I’m a big fan of the book “Blink” and what it teaches about snap judgments. Sometimes our initial impressions are right on, sometimes our snap judgments reflect our inner-biases even when that snap judgment is dead wrong. The best example from the book is how orchestras used to have auditions where you could see the musician and know their name, resulting in a male to female ratio of about 19 to 1. They now do blind auditions where you only hear them play the instrument. As a result the ratio is now close to 50-50 and women who before couldn’t get a shot at traditional “male” instruments now can.

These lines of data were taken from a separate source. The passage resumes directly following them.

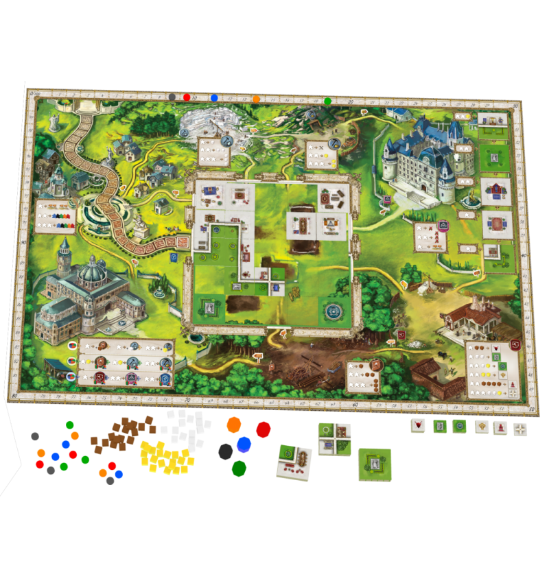 Contenu : 1 plateau de jeu, 40 tuiles Palais, 30 jetons de décoration, 10 jetons mouvement, 45 miniatures d’ouvriers, 5 marqueurs d’activation, 20 marqueurs de technologie/score, 90 ressources, pion du roi. Regles du jeu.
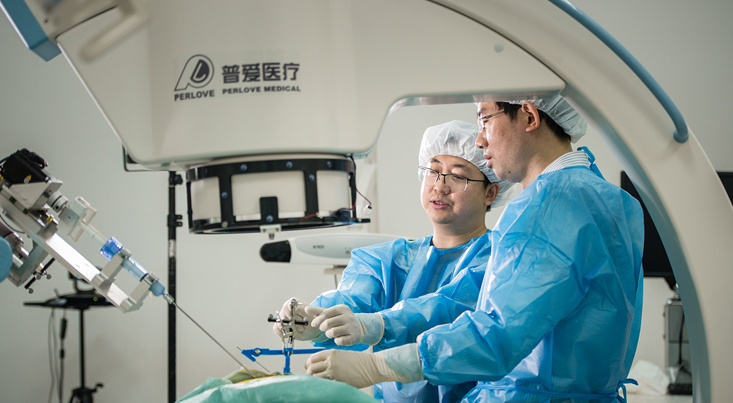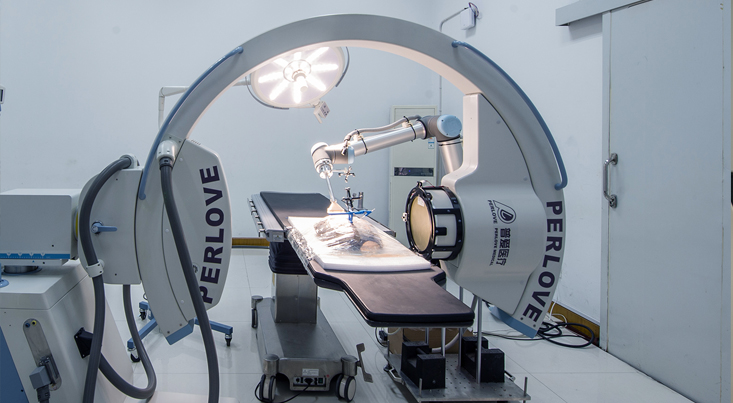 位于南京普愛醫(yī)療的椎體強(qiáng)化手術(shù)室內(nèi),一場特殊的骨科手術(shù)正在進(jìn)行:手術(shù)室中只有“病患”和一臺3D C形臂,一個椎體強(qiáng)化手術(shù)操作機(jī)器人,沒有醫(yī)生在旁。這些機(jī)械猶如自己有意識般,3D C形臂給人體標(biāo)本進(jìn)行術(shù)中拍片,機(jī)器人則根據(jù)3D C形臂拍攝的高清三維圖像進(jìn)行手術(shù)定位、椎體鉆孔、放球囊、填充骨水泥等治療過程。
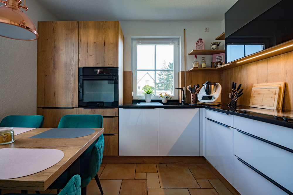 Die hochwertige, separate Einbauküche bietet viel Raum für gemeinsames Kochen und kulinarische Erlebnisse. Ein modernes Gäste-WC ergänzt das Erdgeschoss.
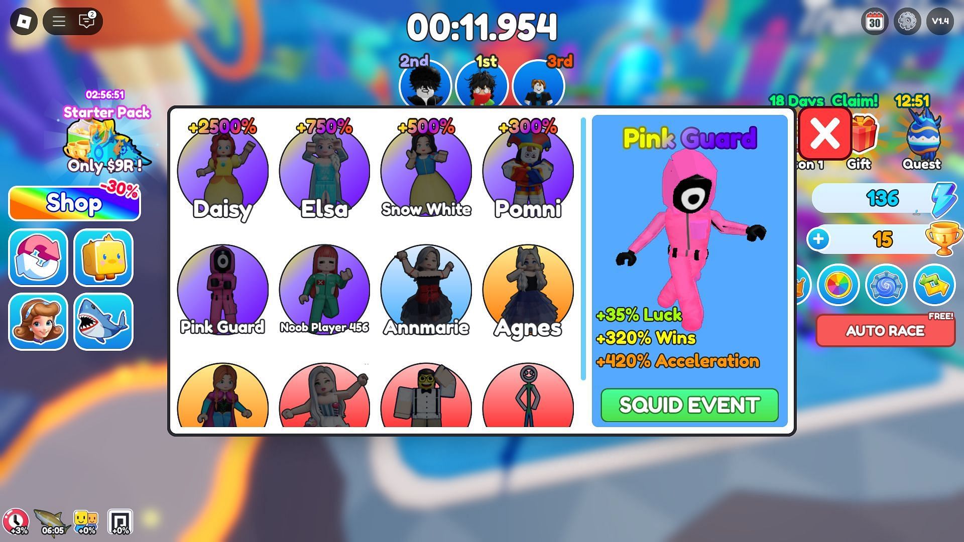 - Partners: Partners are NPCs that boost your Acceleration, Luck, and Win acquisition rate. These can be unlocked through Wins and can be instrumental in clearing races. You may also purchase them for Robux if you wish to circumvent the grind.

So what does that have to do with defending a criminal case in Illinois? I was called for jury duty yesterday for the first time in my life. On a daily basis I help people find Illinois criminal defense attorneys and have seen hundreds of innocent people get charged with felonies or misdemeanors. The jury I was considered for (I didn’t get picked because no one wants a lawyer on a jury) was regarding a felony burglary trial. The defendant was dressed kind of sloppily and had a mohawk that led to somewhat of a menacing look. My snap judgment was that this guy must be guilty. Of course you can’t reach that conclusion without hearing the evidence and I know nothing about his case.

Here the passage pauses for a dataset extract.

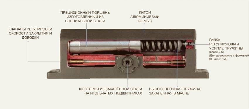 Работа доводчика аналогична работе автомобильного амортизатора.
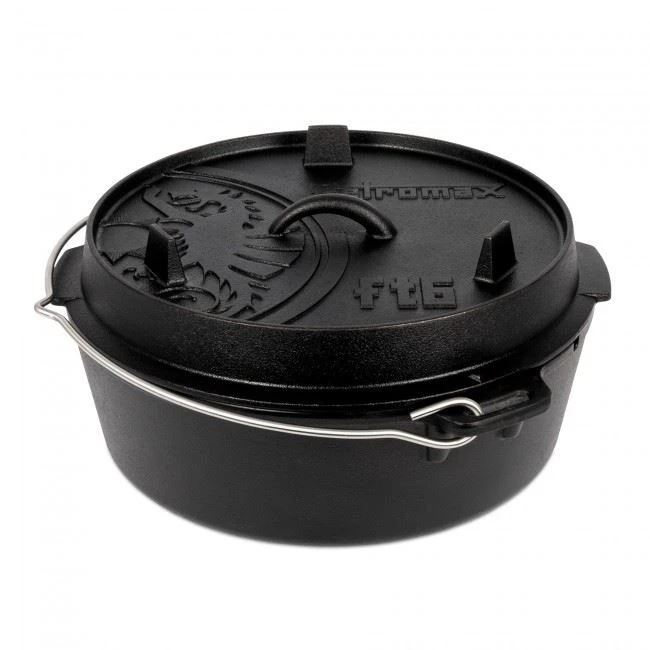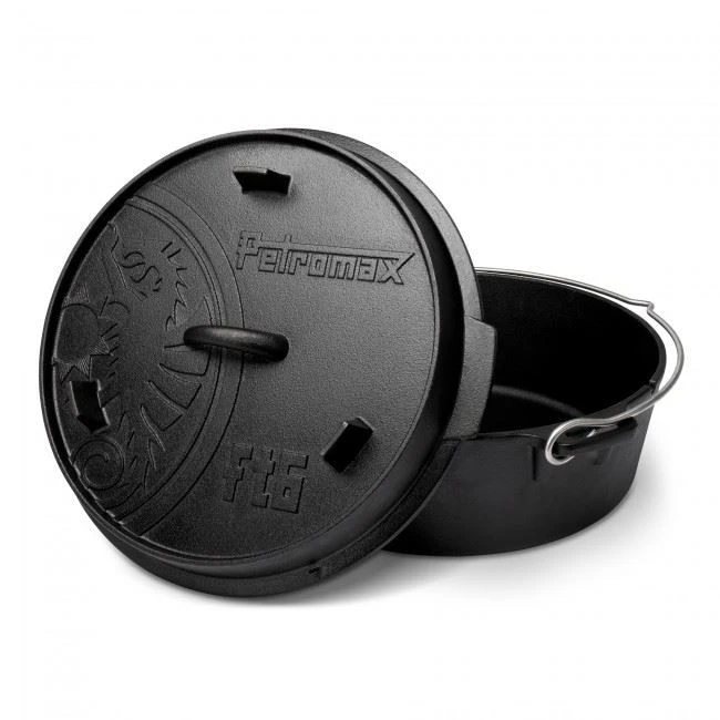De FT-6-T is heeft dezelfde diameter als de traditionele FT-9-T maar is net iets lager. Hierdoor heeft hij een iets kleine inhoud maar is hij zeker niet minder multifunctioneel. De Petromax FT-6-T heeft een inhoud van 5,5 liter en past perfect in een Petromax Atago. De onderkant van de pan is glad afgewerkt waardoor hij ook te gebruiken is op een inductiekookplaat.

All that said, I think his attorney did a poor job preparing him for the jury selection (or tried and failed) because those snap judgments of what someone looks like do matter. I caught many potential jurors just staring at him and while I don’t know what they were thinking, it’s reasonable to guess that they were a tad skeptical of him already.

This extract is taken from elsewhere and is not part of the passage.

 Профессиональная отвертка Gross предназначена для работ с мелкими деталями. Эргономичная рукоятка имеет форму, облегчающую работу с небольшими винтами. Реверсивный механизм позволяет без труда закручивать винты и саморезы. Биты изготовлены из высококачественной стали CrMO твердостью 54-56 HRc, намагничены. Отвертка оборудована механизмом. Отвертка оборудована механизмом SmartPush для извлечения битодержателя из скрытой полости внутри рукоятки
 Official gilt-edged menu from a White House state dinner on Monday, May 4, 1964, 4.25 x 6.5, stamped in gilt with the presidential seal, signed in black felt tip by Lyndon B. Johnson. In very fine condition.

Some have proposed that trials don’t allow for any live testimony, but rather actors who would read the answers to questions of a witness or the accused. While I see the merits of that, after being a part of hundreds of trials and depositions, I do think you can tell how sure someone is of an answer they are giving based on their response. However, I wonder if the disparity between blacks and whites being convicted of certain crimes would change. I also wonder if some innocent people would get convicted. It’s certainly worth studying.
For you, if you are a criminal defendant, think about the first impression you are making on the prosecutor, Judge and jury. It shouldn’t change the outcome of a case, but surely it does all of the time.